I tell you this because purposeful goofiness has a rightful place in life, but misplaced goofiness -- like the kind we saw earlier this month when Apple ( AAPL) released the iPhone and the professionals in the business media could not even agree on what expectations were for sales, let alone what the sales themselves were -- should not. Well, come this Wednesday, when Apple reports, we'll finally know how many iPhones sold in those first days after they hit the shelves.

So let's wager, both for fun and in search of a larger truth for investors.

How many iPhones do you think sold in those first two days? Email me. And don't email me a range; I'll crumple it up and send it back to you. I want a specific number.
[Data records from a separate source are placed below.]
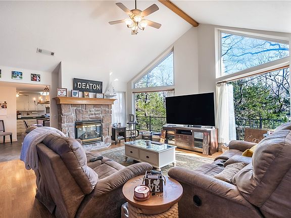 This beautiful house on a spacious lot is located on one of the most desirable streets in Holiday Island. The main level is on the upper floor providing an excellent private view. The vaulted ceiling and large windows with sliding glass doors from the dining room and primary bedroom offer great access to the newly remodeled spacious deck. The large open areas both upstairs and down offer limitless possibilities for family gatherings or entertaining. Circular drive and driveway to back of the house parking offer easy access to the house as well as a large parking area. The lower level with a bedroom and full bath along with a full living area offer private space for those overnight guests. The 2 newer heat/air systems with main floor being dual fuel provide great flexibility and year-round comfort. Storage and hobby rooms complete serve only to complete this functional floor plan.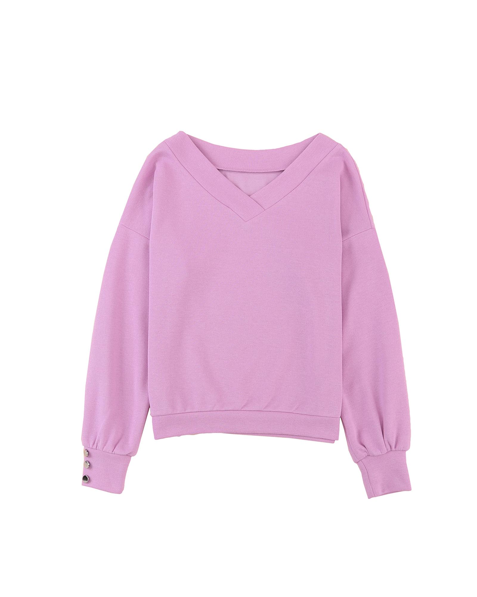 - Purple Knitted V Neck Buttoned Cuffs Sweater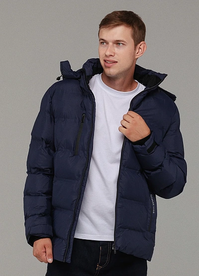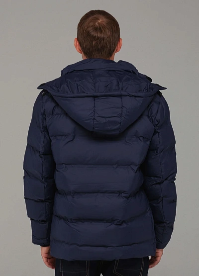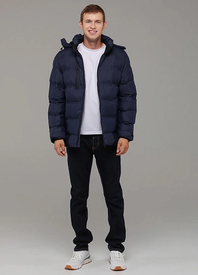 • Утеплённая мужская куртка выполнена из прочного материала тёмно-синего цвета.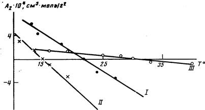 Ранее нами было найдено [7], что для полимера I 6-растворителем служит ТГФ (9=22°). Предварительные опыты по температурному осаждению полимеров из раствора показали, что ТГФ можно использовать в качестве О-растворнтеля и для полимера II. Оказалось, что при повышении температуры >20° растворы становились мутными, поэтому 9-температуру искали в температурном диапазоне <20°. Полимер III в ТГФ не растворился. При комнатной температуре этот полимер хорошо растворился в ДХ, а при повышении температуры >45° полимер выпадал в осадок, что свидетельствовало о наличии НКТС. 0-температуры для всех полимеров находили экстраполяцией температурных зависимостей Л2 к 0, используя растворы нефракционированных образцов и фракций.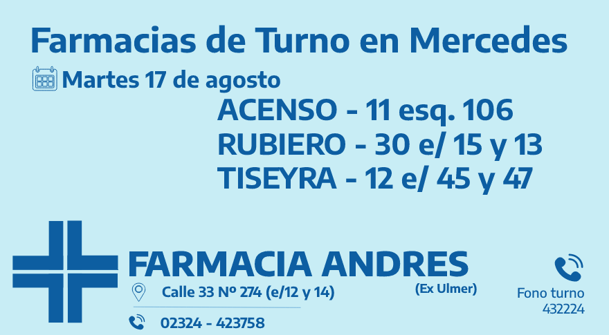 Desde las 8:30 del día de hoy hasta la misma hora de mañana, las farmacias de turno en Mercedes son: Acenso, Rubiero y Tiseyra.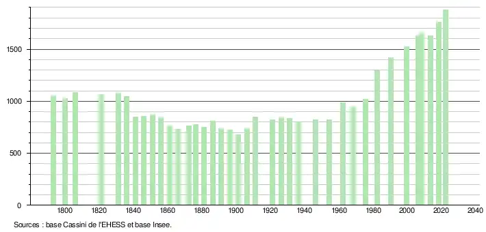- ↑ Fiches Insee - Populations de référence de la commune pour les années 2006, 2007, 2008, 2009, 2010, 2011, 2012, 2013, 2014, 2015, 2016, 2017, 2018, 2019, 2020, 2021 et 2022.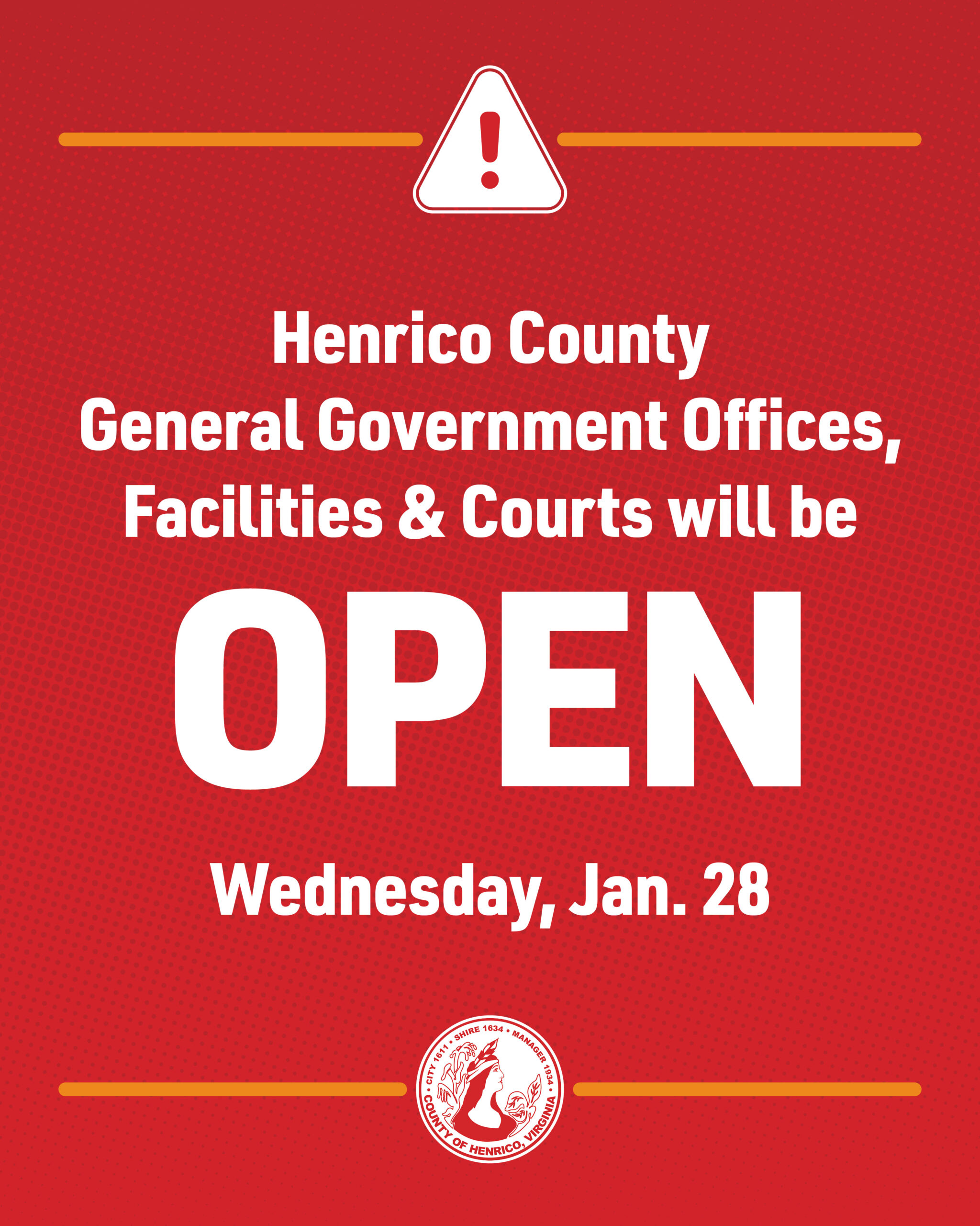 Henrico County general government offices and facilities and Henrico courts and clerks’ offices will operate on a normal schedule Wednesday, Jan. 28.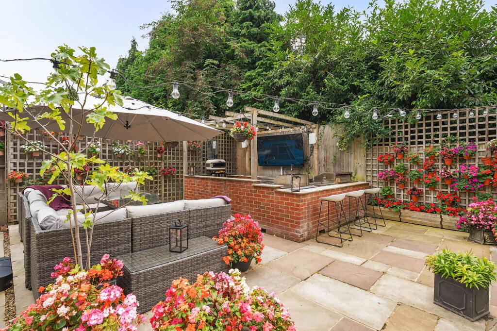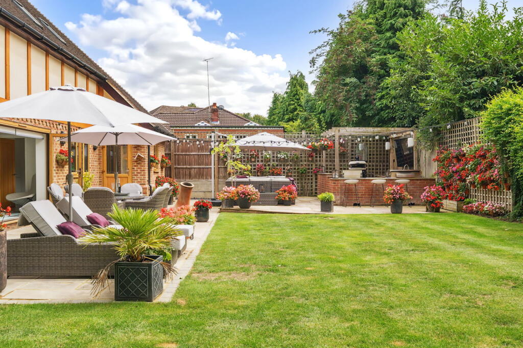A detached property on Wigmore Road, Rainham featuring 4 bedrooms, 3 bathrooms, and a modern interior. The property includes a large garden with an outdoor kitchen. Close to schools and transport links.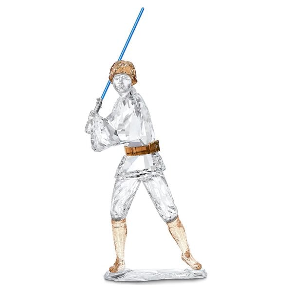 This detailed Swarovski figurine is a gleaming interpretation of a famous hero from the Star Wars universe. It portrays Luke Skywalker in 411 expertly worked facets of sparkling crystal, from his beige boots to his blond hair and brown belt. His famous li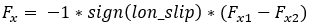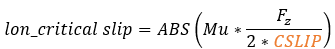 The calculation of the longitudinal force (Fx) depends on the longitudinal slip condition of the tire. Typically, there are two distinct slip states: an elastic deformation state (where the longitudinal slip is less that a critical slip value) and a pure sliding state (where the longitudinal slip exceeds the critical slip value).The critical longitudinal slip is calculated below: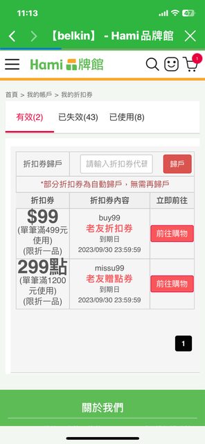 標題[情報]hami 品牌優惠券(499折99)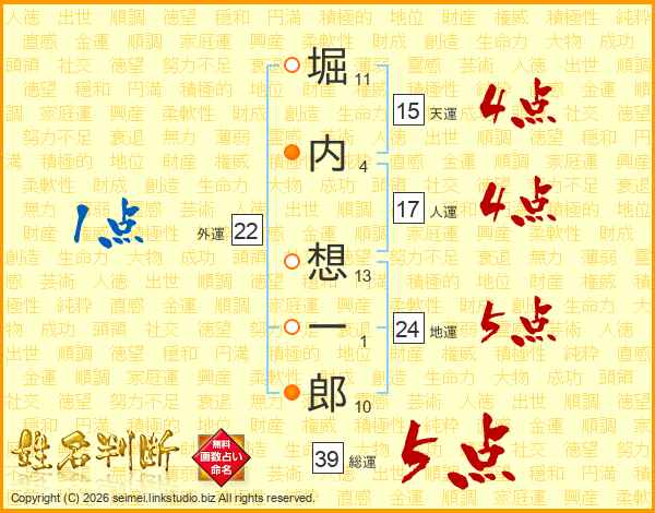 堀内想一郎さんの総運は39画の5点!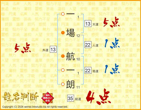 一(1画)場(12画) 航(10画)一(1画)朗(11画)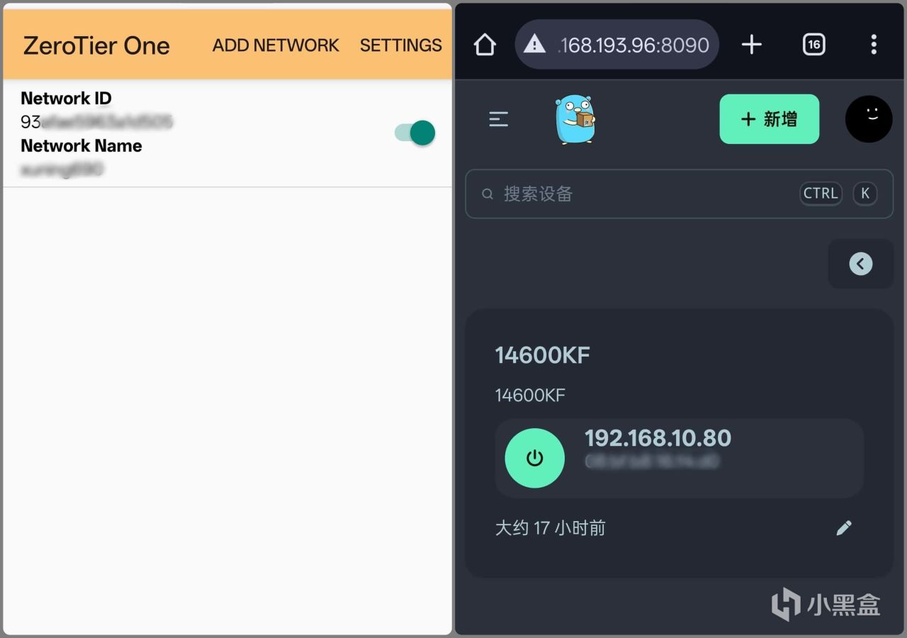 這時候就可以配合zerotier one之類的虛擬組網工具或者DDNS域名來遠程訪問NAS了,比如我在手機和NAS上都安裝zerotier one後,就可以遠程從外網連接到NAS,然後通過NAS喚醒電腦了:

The winner will get The Business Press Maven's "Greg Stroh Award," named for the Toronto-based reader who suggested this contest. You will earn, uh, bragging rights, and Greg suggests that you also get to refer to yourself in the third person as "iAnalyst" for a day.

Here's what we're looking at: There is much criticism, all deserved, about the professional prognosticators of Wall Street and the media. Such is the downside of such nonprofessional professions. You don't really have to be licensed or schooled like, say, a doctor, to make predictions about our economic system, where so much depends on them.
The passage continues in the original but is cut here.